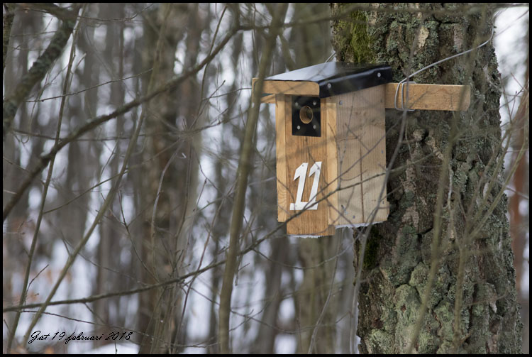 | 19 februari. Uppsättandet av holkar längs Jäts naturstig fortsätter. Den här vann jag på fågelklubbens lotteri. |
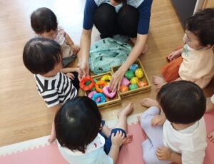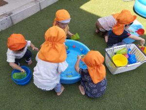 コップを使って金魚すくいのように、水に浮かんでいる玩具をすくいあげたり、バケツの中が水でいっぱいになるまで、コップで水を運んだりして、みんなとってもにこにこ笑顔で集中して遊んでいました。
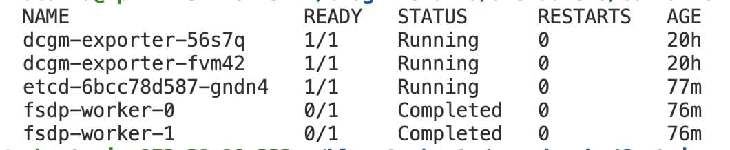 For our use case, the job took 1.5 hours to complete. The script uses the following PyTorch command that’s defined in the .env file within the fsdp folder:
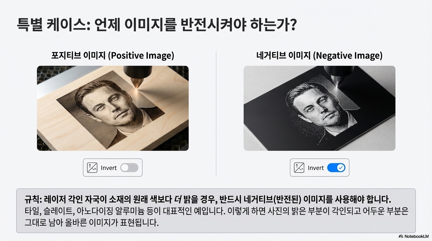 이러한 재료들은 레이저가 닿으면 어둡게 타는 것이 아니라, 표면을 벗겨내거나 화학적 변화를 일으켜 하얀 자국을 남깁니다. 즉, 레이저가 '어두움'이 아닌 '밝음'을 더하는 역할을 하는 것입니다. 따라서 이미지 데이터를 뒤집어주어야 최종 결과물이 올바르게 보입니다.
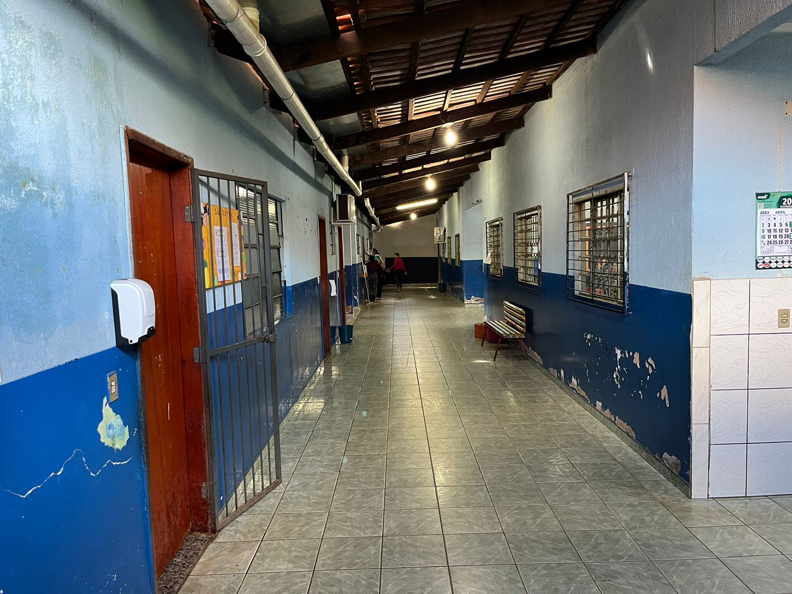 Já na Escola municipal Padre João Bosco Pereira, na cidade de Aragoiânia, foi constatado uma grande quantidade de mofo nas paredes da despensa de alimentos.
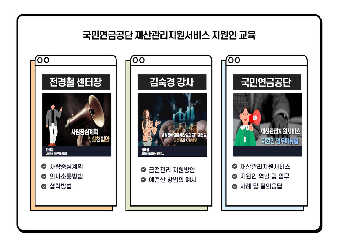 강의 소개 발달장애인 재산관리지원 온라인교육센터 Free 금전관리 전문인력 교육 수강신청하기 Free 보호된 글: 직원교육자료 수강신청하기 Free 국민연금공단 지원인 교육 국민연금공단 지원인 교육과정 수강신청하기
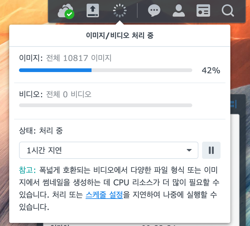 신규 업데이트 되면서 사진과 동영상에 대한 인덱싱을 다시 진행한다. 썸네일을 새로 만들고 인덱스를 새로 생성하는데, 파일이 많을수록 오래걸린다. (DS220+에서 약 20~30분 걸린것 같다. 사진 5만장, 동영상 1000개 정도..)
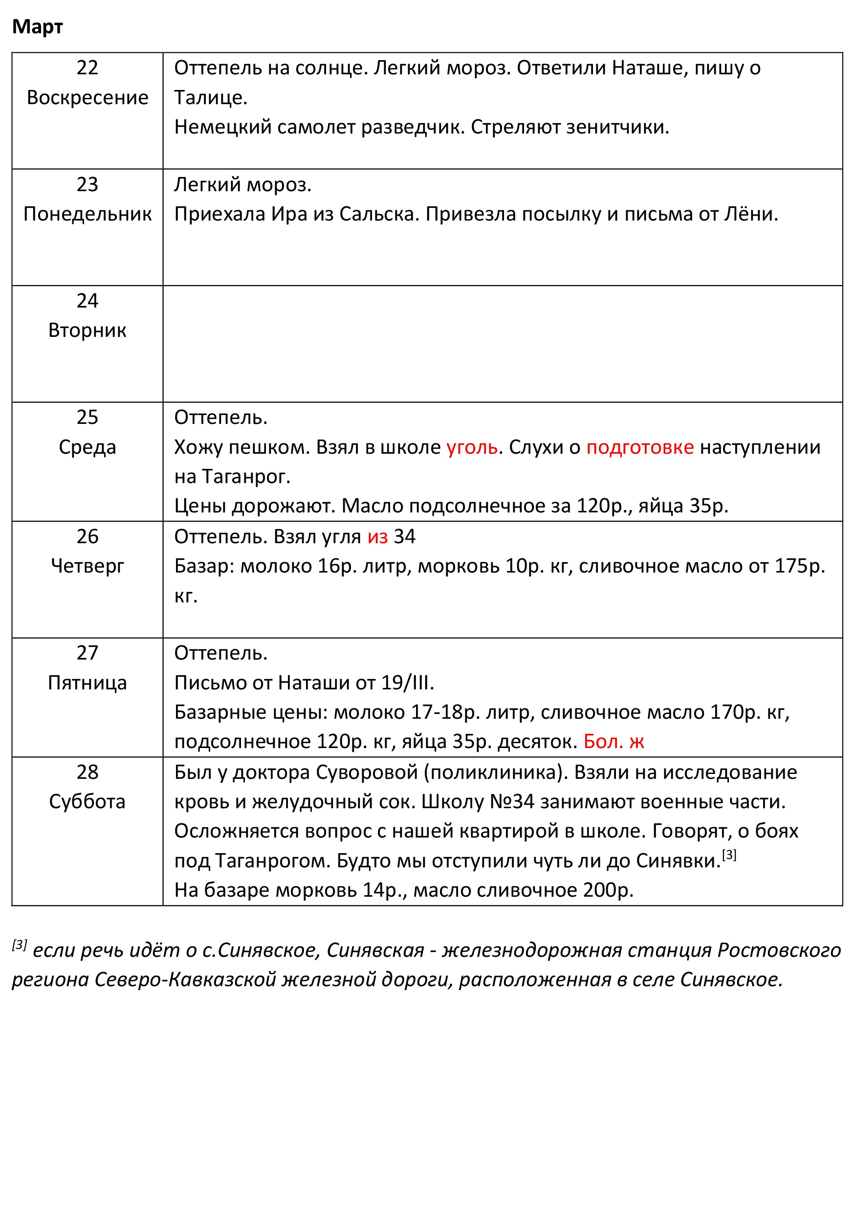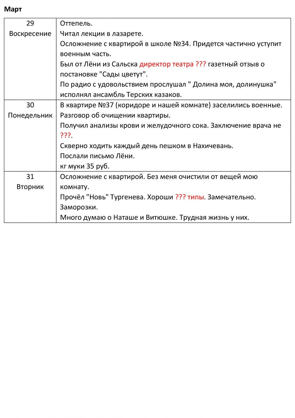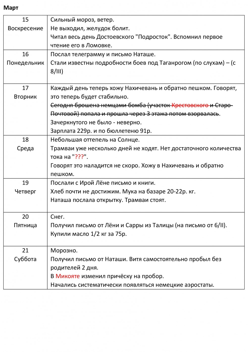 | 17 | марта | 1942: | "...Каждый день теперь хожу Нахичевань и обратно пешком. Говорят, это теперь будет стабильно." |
_____
Problem to work on: Take the material above from its first line through the line that has "Já na Escola" and copy it exactly, without any pictures.

Response box:
 | 19 februari. Uppsättandet av holkar längs Jäts naturstig fortsätter. Den här vann jag på fågelklubbens lotteri. |
 コップを使って金魚すくいのように、水に浮かんでいる玩具をすくいあげたり、バケツの中が水でいっぱいになるまで、コップで水を運んだりして、みんなとってもにこにこ笑顔で集中して遊んでいました。
 For our use case, the job took 1.5 hours to complete. The script uses the following PyTorch command that’s defined in the .env file within the fsdp folder:
 이러한 재료들은 레이저가 닿으면 어둡게 타는 것이 아니라, 표면을 벗겨내거나 화학적 변화를 일으켜 하얀 자국을 남깁니다. 즉, 레이저가 '어두움'이 아닌 '밝음'을 더하는 역할을 하는 것입니다. 따라서 이미지 데이터를 뒤집어주어야 최종 결과물이 올바르게 보입니다.
 Já na Escola municipal Padre João Bosco Pereira, na cidade de Aragoiânia, foi constatado uma grande quantidade de mofo nas paredes da despensa de alimentos.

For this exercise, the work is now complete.